Fertilizing Ayurvedic herbs

 In General, Growing Guides

Now that spring is nearly here, it’s time to think about pruning and fertilizing your Ayurvedic herbs. Luckily, they tend to be long-lived plants, but that means that they consume the nutrients in their original potting soil and then need a little extra boost.

Most Ayurvedic herbs are day-length sensitive, which means they slow down their rate of growth in the winter when the days are shorter, and then respond rapidly it warms up as you can move them back out into “real” sun. It probably has a lot to do with monsoon season too — they slow down their growth when it’s dry and then perk up when it finally starts raining again.

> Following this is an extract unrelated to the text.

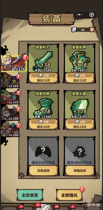 这些就是王者猎人装备进阶需要的材料了,收集的方法也都给各位了,大家按照上面的方法去收集材料就能突破了,注意要在解锁足够的章节之后才能突破,所以新手玩家还要多挂机刷一下进度,达到相应的进度之后就能自由突破了。

The first and absolutely most important rule with any plant is DON’T OVER-FERTILIZE. A little bit is good but too much is absolutely deadly. We recommend following the directions on the package you buy EXACTLY the first time you fertilize in the spring and then using it half-strength twice as often for optimum growth through the summer.

Secondly, you need to feed a BALANCED fertilizer. Some organic fertilizers, like fish emulsion, are great supplements but they’re high in one nutrient (nitrogen) and totally deficient in critical compounds like phosphate and potassium. Look for fertilizers with three big numbers on the front of the package and make sure they’re somewhat balanced. They don’t need to 100% match but they shouldn’t read 5-0-0 either.

You also have a choice on what kind of fertilizer you use. We use a balanced chicken poop on our plants because it’s important to us to grow organically, but we have to buy it by the pallet — obviously not a good option for most of our customers.

Honestly, the easiest option is chemical fertilizer. They’re simple to use, easily water-soluble and usually come with balanced nutrients. A friend explained the difference between chemicals and natural fertilizers as something like an intravenous drip that keeps a patient alive vs. real food that you eat. Real food is better but the nutrients are similar. They’re also easily available in big-box garden centers.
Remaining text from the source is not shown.